_Data_.
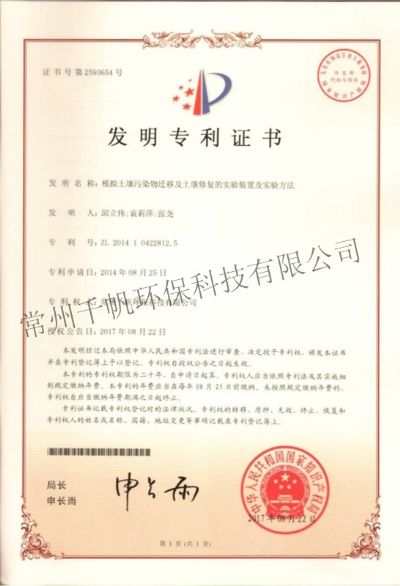 發(fā)明專利證書 模擬土壤污染物遷移及土壤修復的實驗裝置及實驗方法
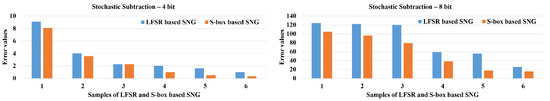 | LFSR-based stochastic subtraction—8 bit | S-Box-based stochastic subtraction—8 bit | ||||
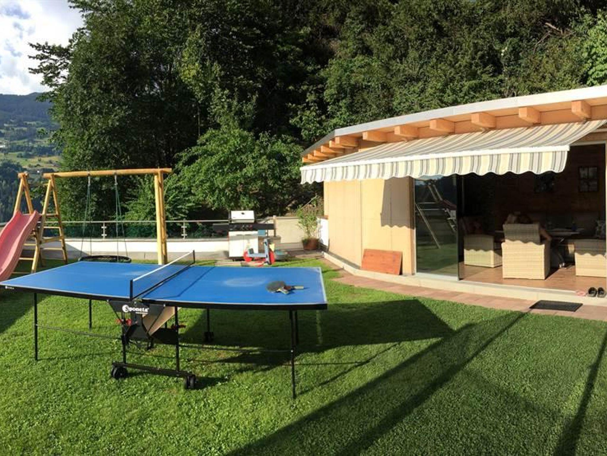 mit Schaukel, Rutsche, Trampolin, Tischtennis und sonstigen Spielgeräten zur Verfügung.
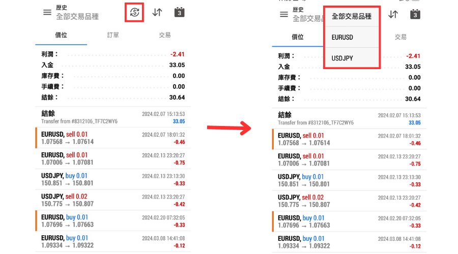 点击交易历史界面上方的「$」图标,这样就可以指定在交易历史中所显示的交易品种。
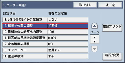 [9.紙折り位置調整]を選択して、[確認/変更]ボタンを押します。
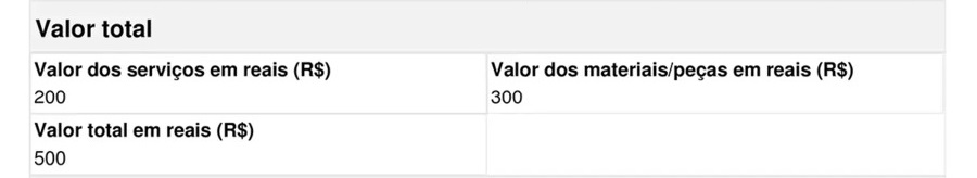 Essa é a quantia a ser paga pelo cliente, levando em consideração o trabalho do técnico, custos com deslocamento, peças utilizadas, entre outros gastos. Portanto, deve ser o preço total daquele serviço. Caso haja mais de um serviço para executar, coloque o preço de cada um deles separadamente e também o valor total a ser cobrado.
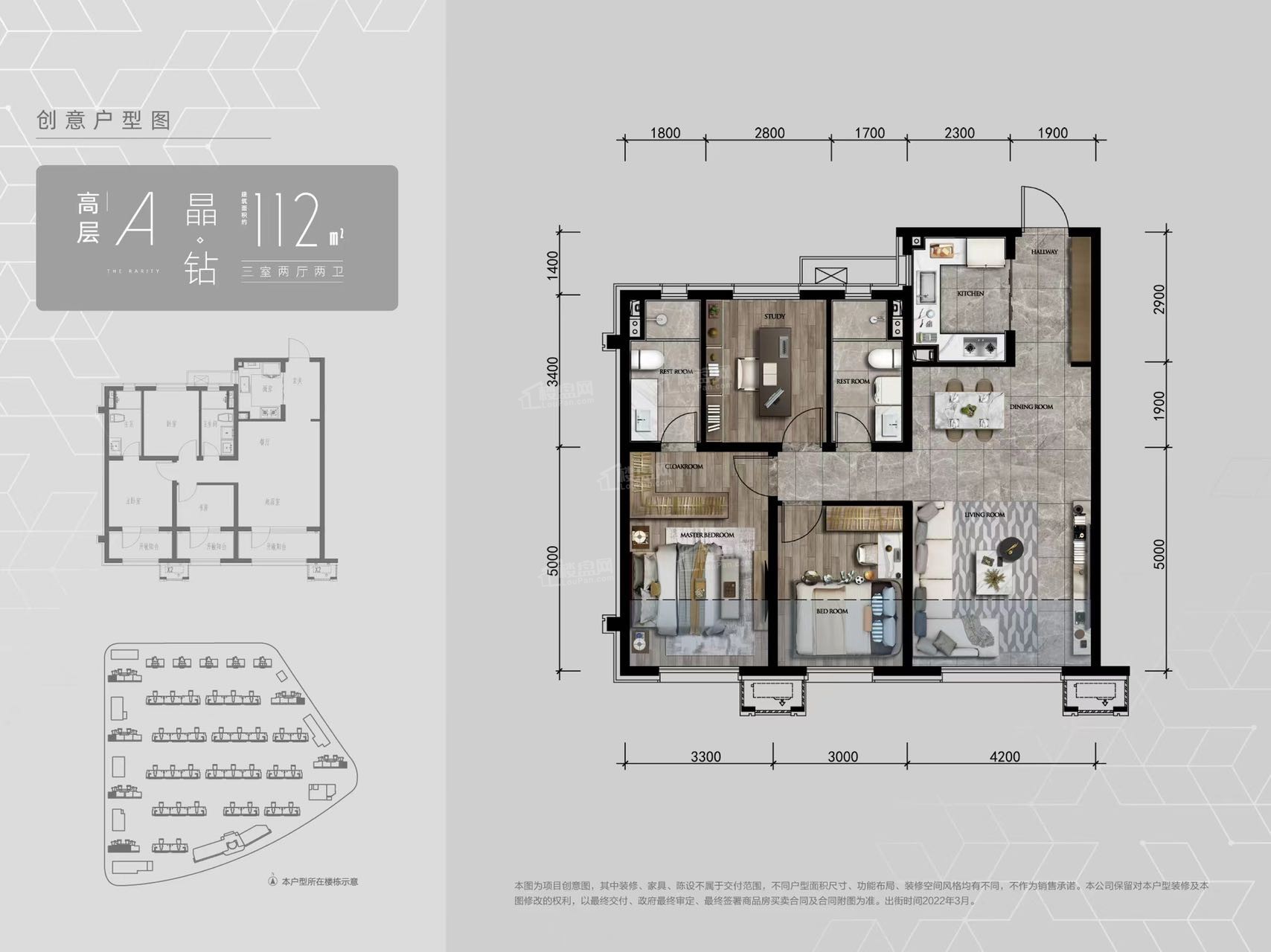 中海天钻共有5个户型,当前有5个户型在售,112㎡的3室、136㎡的4室、127㎡的3室、145㎡的4室、132㎡的3室。其中112㎡的3室的112户型特别受欢迎。该户型户型方正,南北通透,实用率高深受购房者的喜欢。具体户型情况如下
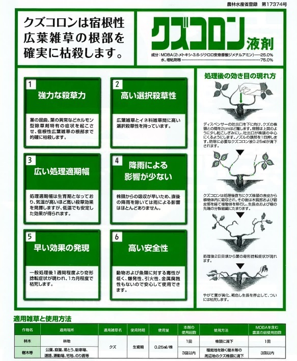 ・一般に、クズコロン処理後2日目頃から奇形捻転症状が現われ、1週間で褐変し10日目頃から枯死します。
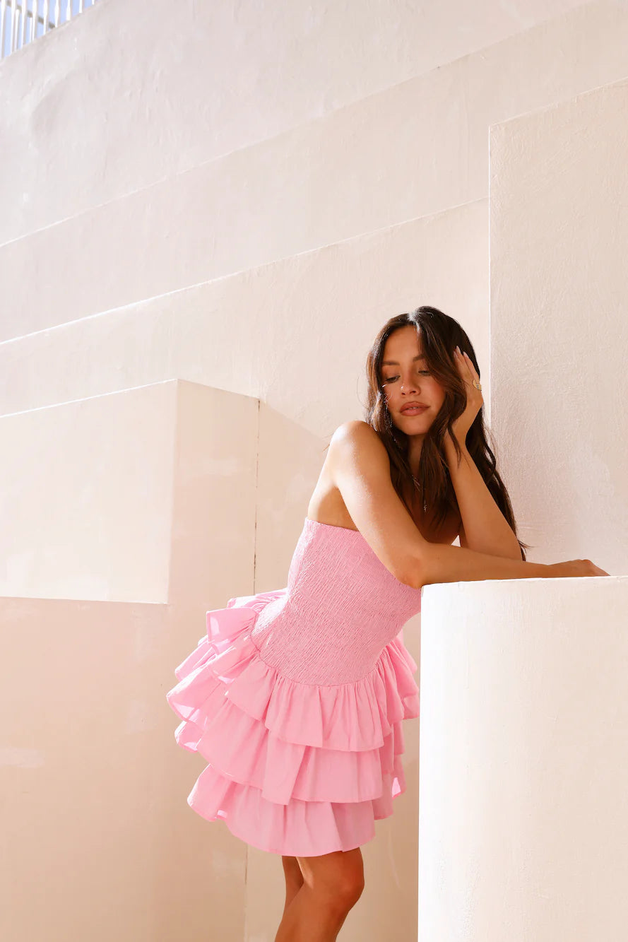 Capture the magic of a tropical sunset in our Sunset Dreams Strapless Mini Dress in Pink, perfect for evening beach walks or dancing under the stars in Bali. With its vibrant hue and flirty silhouette, this dress is your go-to for unforgettable summer nights.
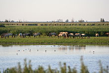 The Oostvaardersplassen (Dutch pronunciation: [oːstˈfaːrdərsˌplɑsə(n)]) is a nature reserve in the Netherlands, which is managed by the State Forestry Service. Covering about 56 square kilometres (22 sq mi), it is noted as an experiment[2][3][4] of rewilding.[5] It is in a polder which was created in 1968; by 1989, its ecological interest had resulted in its being declared a Ramsar wetland.[6] It became part of Nieuw Land National Park when it was created in 2018.
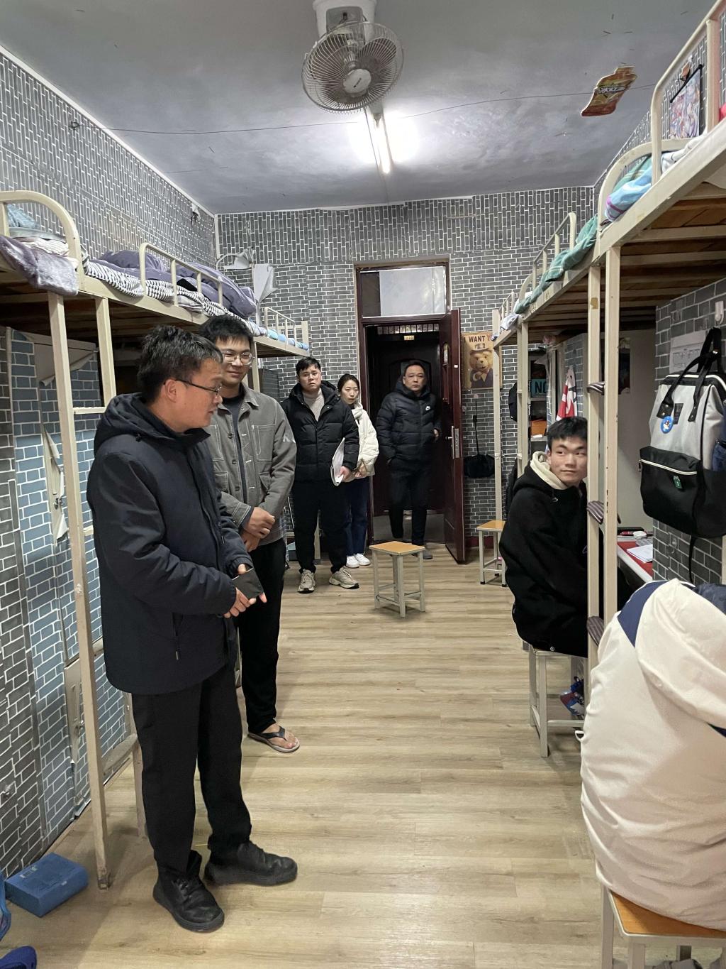 新学期伊始,为做好学生返校后的宿舍安全管理工作,深入了解学生的思想动态、学习生活情况,确保学生尽快进入学习状态、认真备考,2月13日下午,大数据与人工智能学院党总支副书记毛凤翔、学工干事鄢杰和全体辅导员深入学生宿舍开展走访工作。
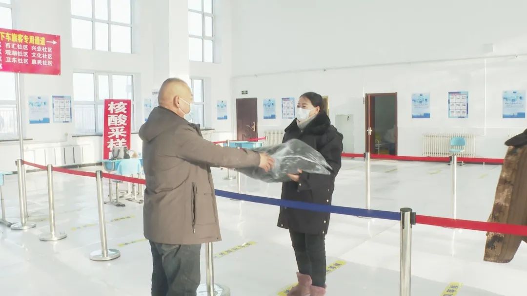 活动中,绿熙农业发展有限公司代表把购买的大衣送到雨亭街道办事处,协助分发给基层一线人员,并把部分大衣送到基层社区和铁路卡口值守人员手中。
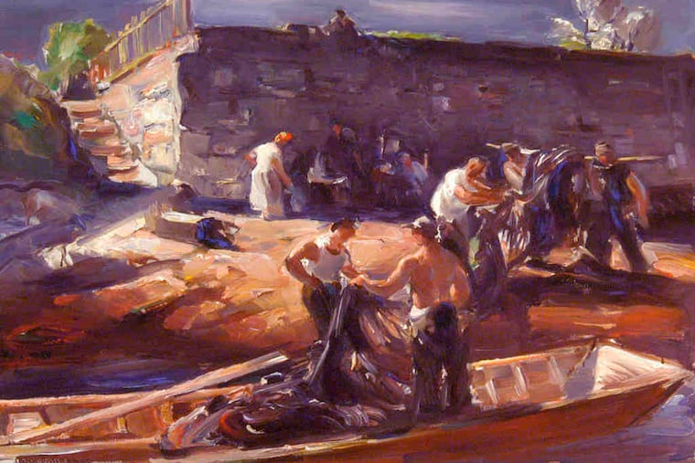 One can feel this in pictures such as Shad Net (Shad Fishermen) of 1938, with its lowering steel-blue sky and crisp whites, and Haul Before the Storm of 1940, which also depicts fishermen on the Delaware River.

_What the task requires_. Print, exactly and without pictures, the lines from the one holding "新学期伊始,为做好学生返校后" through the last line of the entries above, both included.

_Exercise result_.
 新学期伊始,为做好学生返校后的宿舍安全管理工作,深入了解学生的思想动态、学习生活情况,确保学生尽快进入学习状态、认真备考,2月13日下午,大数据与人工智能学院党总支副书记毛凤翔、学工干事鄢杰和全体辅导员深入学生宿舍开展走访工作。
 活动中,绿熙农业发展有限公司代表把购买的大衣送到雨亭街道办事处,协助分发给基层一线人员,并把部分大衣送到基层社区和铁路卡口值守人员手中。
 One can feel this in pictures such as Shad Net (Shad Fishermen) of 1938, with its lowering steel-blue sky and crisp whites, and Haul Before the Storm of 1940, which also depicts fishermen on the Delaware River.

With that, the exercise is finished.